:: Problem ::
Exact reproduction required: the lines below from the line with "Тот самый дом" to the line with "skleněný vypínač RETRO", both ends included, and no others.
● ● ● ● ●
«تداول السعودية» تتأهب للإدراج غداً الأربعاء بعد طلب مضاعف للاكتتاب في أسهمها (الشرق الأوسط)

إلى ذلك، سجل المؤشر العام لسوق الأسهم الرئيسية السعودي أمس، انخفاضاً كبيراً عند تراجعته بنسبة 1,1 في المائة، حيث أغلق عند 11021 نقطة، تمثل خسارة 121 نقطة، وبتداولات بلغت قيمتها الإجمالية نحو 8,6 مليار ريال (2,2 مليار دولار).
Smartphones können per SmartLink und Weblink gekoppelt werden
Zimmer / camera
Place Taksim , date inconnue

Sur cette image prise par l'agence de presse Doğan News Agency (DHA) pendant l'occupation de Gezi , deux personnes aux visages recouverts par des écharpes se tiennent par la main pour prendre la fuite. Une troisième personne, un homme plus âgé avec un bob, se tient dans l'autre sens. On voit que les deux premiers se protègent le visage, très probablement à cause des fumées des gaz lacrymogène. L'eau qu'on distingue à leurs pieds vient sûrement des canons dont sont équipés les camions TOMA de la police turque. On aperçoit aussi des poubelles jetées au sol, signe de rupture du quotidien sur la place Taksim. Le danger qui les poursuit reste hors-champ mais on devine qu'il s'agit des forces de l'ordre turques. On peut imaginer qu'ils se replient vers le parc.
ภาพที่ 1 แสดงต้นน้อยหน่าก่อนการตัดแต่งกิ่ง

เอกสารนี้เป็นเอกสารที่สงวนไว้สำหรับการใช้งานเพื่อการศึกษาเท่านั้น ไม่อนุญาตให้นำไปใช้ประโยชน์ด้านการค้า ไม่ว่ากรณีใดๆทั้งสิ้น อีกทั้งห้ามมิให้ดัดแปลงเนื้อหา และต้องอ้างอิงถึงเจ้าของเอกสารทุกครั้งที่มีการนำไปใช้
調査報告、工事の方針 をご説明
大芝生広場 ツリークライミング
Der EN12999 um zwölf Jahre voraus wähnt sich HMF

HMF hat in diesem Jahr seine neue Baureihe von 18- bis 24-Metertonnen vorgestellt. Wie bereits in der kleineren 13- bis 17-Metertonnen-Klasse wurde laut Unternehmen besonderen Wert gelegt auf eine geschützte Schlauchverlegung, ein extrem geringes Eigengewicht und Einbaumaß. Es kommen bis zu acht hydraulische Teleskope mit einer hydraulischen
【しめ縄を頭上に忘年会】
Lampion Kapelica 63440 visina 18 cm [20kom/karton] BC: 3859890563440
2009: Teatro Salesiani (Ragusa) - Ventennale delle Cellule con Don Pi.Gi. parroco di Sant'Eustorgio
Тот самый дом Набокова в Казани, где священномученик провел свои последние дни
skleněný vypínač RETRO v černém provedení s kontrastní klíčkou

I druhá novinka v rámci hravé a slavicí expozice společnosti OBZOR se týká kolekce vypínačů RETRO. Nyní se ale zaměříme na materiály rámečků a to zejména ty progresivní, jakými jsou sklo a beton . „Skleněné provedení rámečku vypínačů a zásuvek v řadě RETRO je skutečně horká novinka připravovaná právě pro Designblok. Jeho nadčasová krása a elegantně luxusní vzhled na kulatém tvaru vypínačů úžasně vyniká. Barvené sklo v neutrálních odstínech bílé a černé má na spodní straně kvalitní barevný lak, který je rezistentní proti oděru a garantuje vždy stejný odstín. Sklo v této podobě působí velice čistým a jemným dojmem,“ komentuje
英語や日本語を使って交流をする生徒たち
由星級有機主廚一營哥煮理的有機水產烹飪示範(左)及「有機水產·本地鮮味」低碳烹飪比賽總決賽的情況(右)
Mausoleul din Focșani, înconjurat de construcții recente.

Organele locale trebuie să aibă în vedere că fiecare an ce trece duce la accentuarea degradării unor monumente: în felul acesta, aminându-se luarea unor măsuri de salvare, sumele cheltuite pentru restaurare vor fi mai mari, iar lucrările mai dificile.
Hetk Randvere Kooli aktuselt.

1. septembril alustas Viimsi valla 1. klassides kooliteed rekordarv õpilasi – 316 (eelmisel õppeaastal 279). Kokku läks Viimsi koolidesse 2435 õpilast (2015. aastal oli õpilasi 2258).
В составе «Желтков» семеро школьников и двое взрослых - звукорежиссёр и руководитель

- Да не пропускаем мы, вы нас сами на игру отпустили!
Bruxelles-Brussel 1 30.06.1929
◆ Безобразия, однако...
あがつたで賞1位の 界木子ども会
● ● ● ● ●
:: Reply ::
Тот самый дом Набокова в Казани, где священномученик провел свои последние дни
skleněný vypínač RETRO v černém provedení s kontrastní klíčkou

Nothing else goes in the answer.